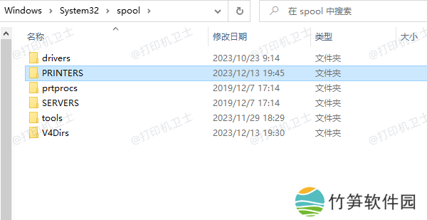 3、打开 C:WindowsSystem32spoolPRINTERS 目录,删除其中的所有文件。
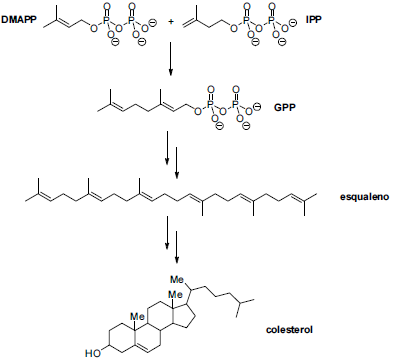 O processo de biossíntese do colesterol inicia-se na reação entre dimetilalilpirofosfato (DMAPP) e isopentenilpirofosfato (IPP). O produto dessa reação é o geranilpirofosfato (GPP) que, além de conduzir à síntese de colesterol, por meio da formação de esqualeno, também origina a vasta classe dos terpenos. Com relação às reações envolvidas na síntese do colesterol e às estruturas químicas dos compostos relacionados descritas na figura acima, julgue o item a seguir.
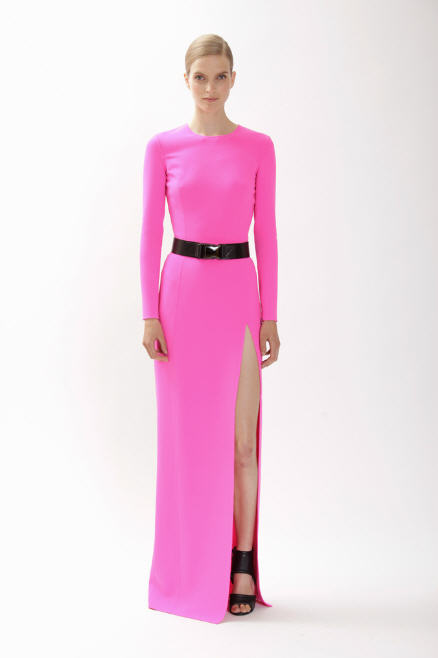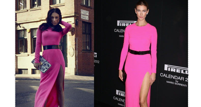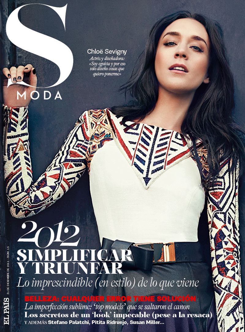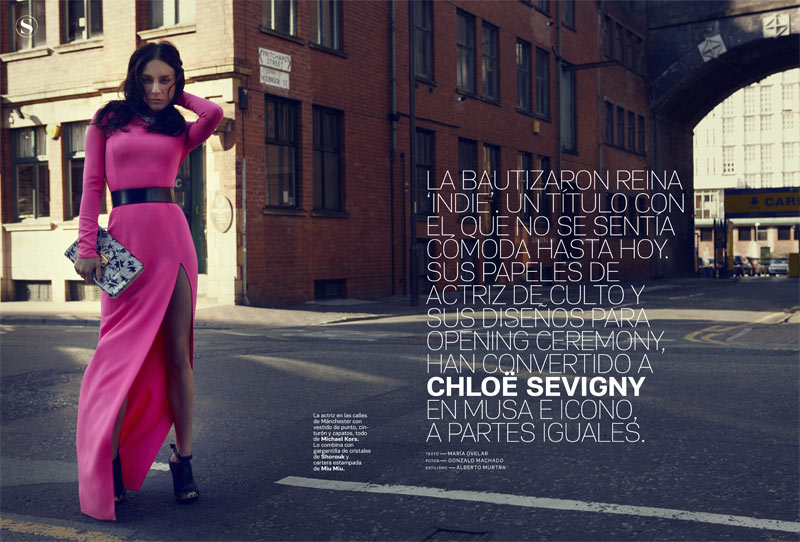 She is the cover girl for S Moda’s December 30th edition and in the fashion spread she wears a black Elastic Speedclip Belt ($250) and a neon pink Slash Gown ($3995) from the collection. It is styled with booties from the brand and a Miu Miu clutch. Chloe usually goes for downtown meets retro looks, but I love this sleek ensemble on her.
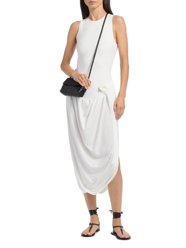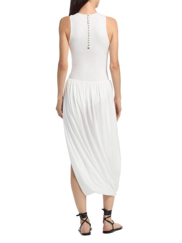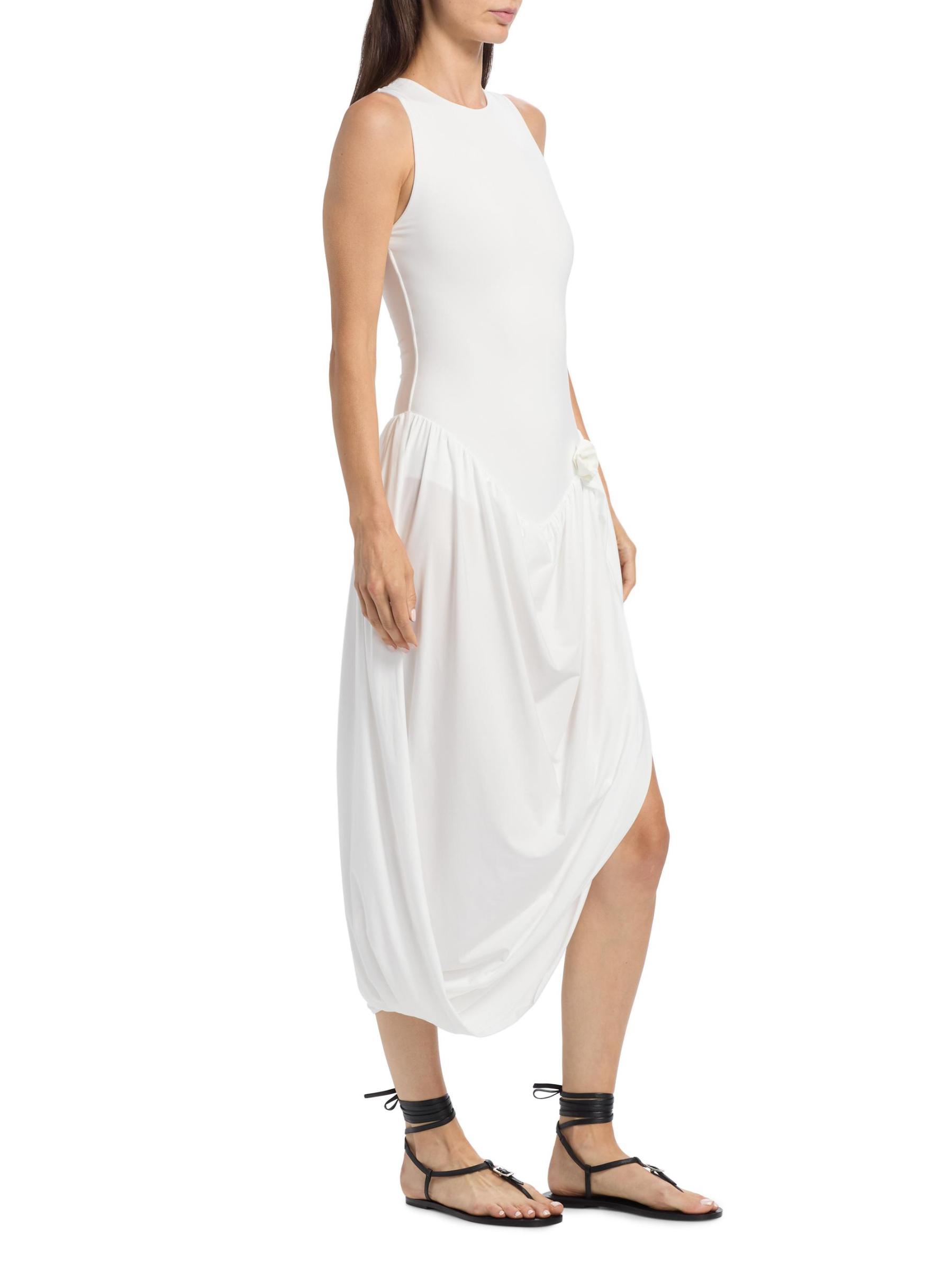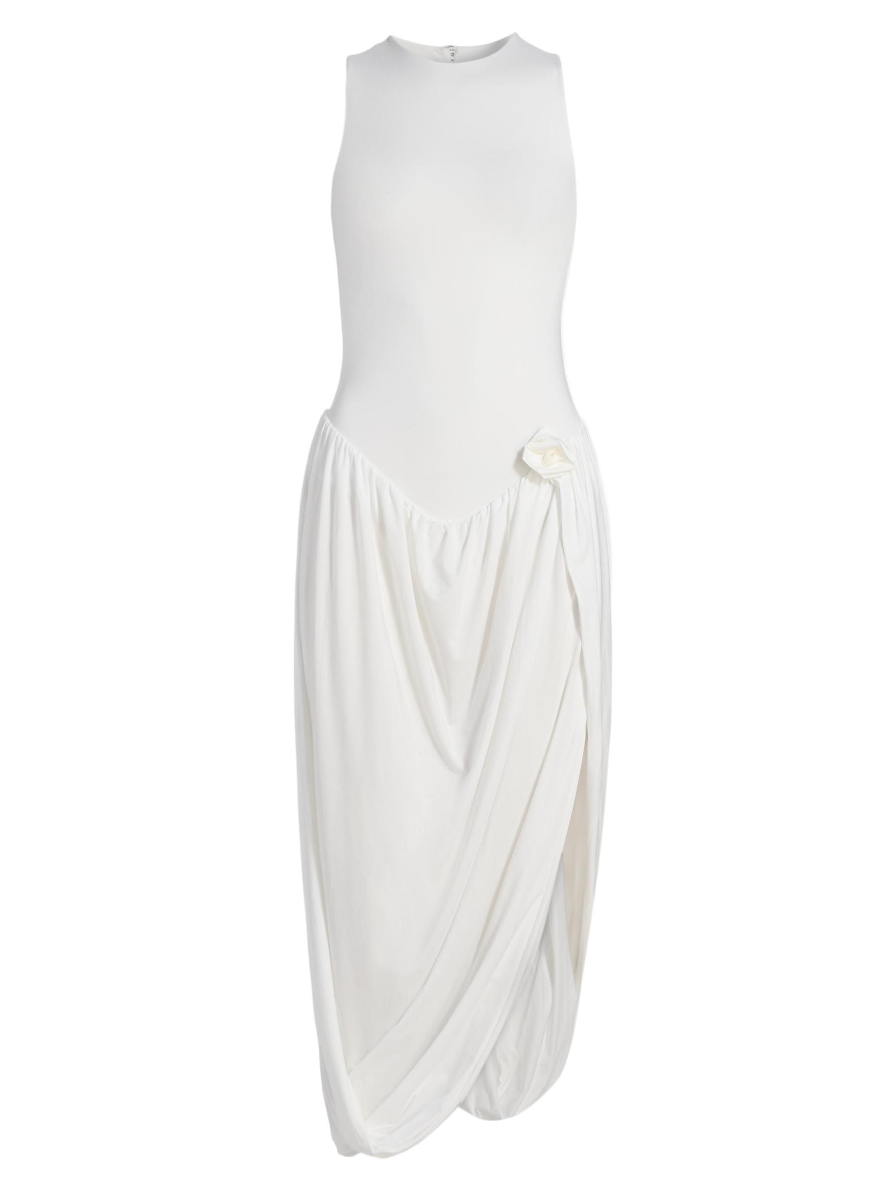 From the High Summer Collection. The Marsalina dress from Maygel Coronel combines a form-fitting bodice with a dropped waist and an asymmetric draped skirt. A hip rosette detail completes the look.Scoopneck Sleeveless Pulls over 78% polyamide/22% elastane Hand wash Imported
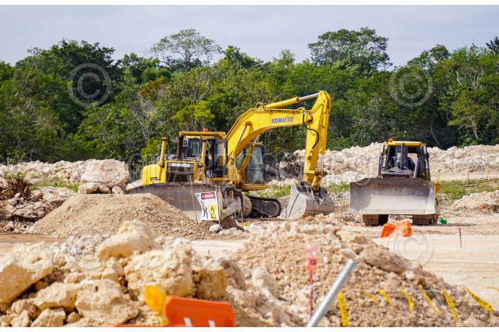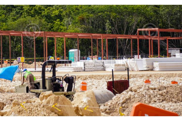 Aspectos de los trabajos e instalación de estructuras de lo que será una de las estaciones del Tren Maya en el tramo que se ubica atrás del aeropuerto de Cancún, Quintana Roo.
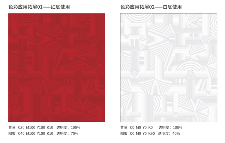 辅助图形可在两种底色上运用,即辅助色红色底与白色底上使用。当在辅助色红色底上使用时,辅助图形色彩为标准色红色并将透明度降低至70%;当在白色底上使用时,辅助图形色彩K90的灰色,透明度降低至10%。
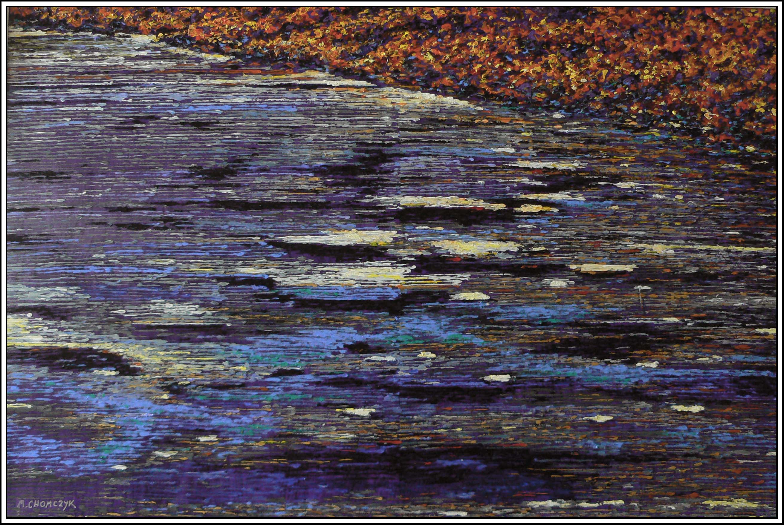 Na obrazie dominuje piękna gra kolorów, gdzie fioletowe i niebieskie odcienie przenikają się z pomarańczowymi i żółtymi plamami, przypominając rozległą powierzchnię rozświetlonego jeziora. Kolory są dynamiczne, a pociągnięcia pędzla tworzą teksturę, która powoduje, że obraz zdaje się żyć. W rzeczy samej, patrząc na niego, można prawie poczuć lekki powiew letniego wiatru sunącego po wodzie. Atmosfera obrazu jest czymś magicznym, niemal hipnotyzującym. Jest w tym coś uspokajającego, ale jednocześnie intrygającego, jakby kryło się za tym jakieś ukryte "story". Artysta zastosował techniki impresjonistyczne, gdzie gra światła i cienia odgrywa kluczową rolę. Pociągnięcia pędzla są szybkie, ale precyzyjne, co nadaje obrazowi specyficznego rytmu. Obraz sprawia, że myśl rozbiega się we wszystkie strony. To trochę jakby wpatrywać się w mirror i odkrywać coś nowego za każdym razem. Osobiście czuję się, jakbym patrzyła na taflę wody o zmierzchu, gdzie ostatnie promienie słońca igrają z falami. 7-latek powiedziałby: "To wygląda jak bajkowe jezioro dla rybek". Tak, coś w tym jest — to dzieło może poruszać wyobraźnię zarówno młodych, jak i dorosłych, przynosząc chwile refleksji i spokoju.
========================
**Required action**. Please set the records down again exactly as written. The pictures should not be included.

**Exercise answer**.
 3、打开 C:WindowsSystem32spoolPRINTERS 目录,删除其中的所有文件。
 O processo de biossíntese do colesterol inicia-se na reação entre dimetilalilpirofosfato (DMAPP) e isopentenilpirofosfato (IPP). O produto dessa reação é o geranilpirofosfato (GPP) que, além de conduzir à síntese de colesterol, por meio da formação de esqualeno, também origina a vasta classe dos terpenos. Com relação às reações envolvidas na síntese do colesterol e às estruturas químicas dos compostos relacionados descritas na figura acima, julgue o item a seguir.
 She is the cover girl for S Moda’s December 30th edition and in the fashion spread she wears a black Elastic Speedclip Belt ($250) and a neon pink Slash Gown ($3995) from the collection. It is styled with booties from the brand and a Miu Miu clutch. Chloe usually goes for downtown meets retro looks, but I love this sleek ensemble on her.
 From the High Summer Collection. The Marsalina dress from Maygel Coronel combines a form-fitting bodice with a dropped waist and an asymmetric draped skirt. A hip rosette detail completes the look.Scoopneck Sleeveless Pulls over 78% polyamide/22% elastane Hand wash Imported
 Aspectos de los trabajos e instalación de estructuras de lo que será una de las estaciones del Tren Maya en el tramo que se ubica atrás del aeropuerto de Cancún, Quintana Roo.
 辅助图形可在两种底色上运用,即辅助色红色底与白色底上使用。当在辅助色红色底上使用时,辅助图形色彩为标准色红色并将透明度降低至70%;当在白色底上使用时,辅助图形色彩K90的灰色,透明度降低至10%。
 Na obrazie dominuje piękna gra kolorów, gdzie fioletowe i niebieskie odcienie przenikają się z pomarańczowymi i żółtymi plamami, przypominając rozległą powierzchnię rozświetlonego jeziora. Kolory są dynamiczne, a pociągnięcia pędzla tworzą teksturę, która powoduje, że obraz zdaje się żyć. W rzeczy samej, patrząc na niego, można prawie poczuć lekki powiew letniego wiatru sunącego po wodzie. Atmosfera obrazu jest czymś magicznym, niemal hipnotyzującym. Jest w tym coś uspokajającego, ale jednocześnie intrygającego, jakby kryło się za tym jakieś ukryte "story". Artysta zastosował techniki impresjonistyczne, gdzie gra światła i cienia odgrywa kluczową rolę. Pociągnięcia pędzla są szybkie, ale precyzyjne, co nadaje obrazowi specyficznego rytmu. Obraz sprawia, że myśl rozbiega się we wszystkie strony. To trochę jakby wpatrywać się w mirror i odkrywać coś nowego za każdym razem. Osobiście czuję się, jakbym patrzyła na taflę wody o zmierzchu, gdzie ostatnie promienie słońca igrają z falami. 7-latek powiedziałby: "To wygląda jak bajkowe jezioro dla rybek". Tak, coś w tym jest — to dzieło może poruszać wyobraźnię zarówno młodych, jak i dorosłych, przynosząc chwile refleksji i spokoju.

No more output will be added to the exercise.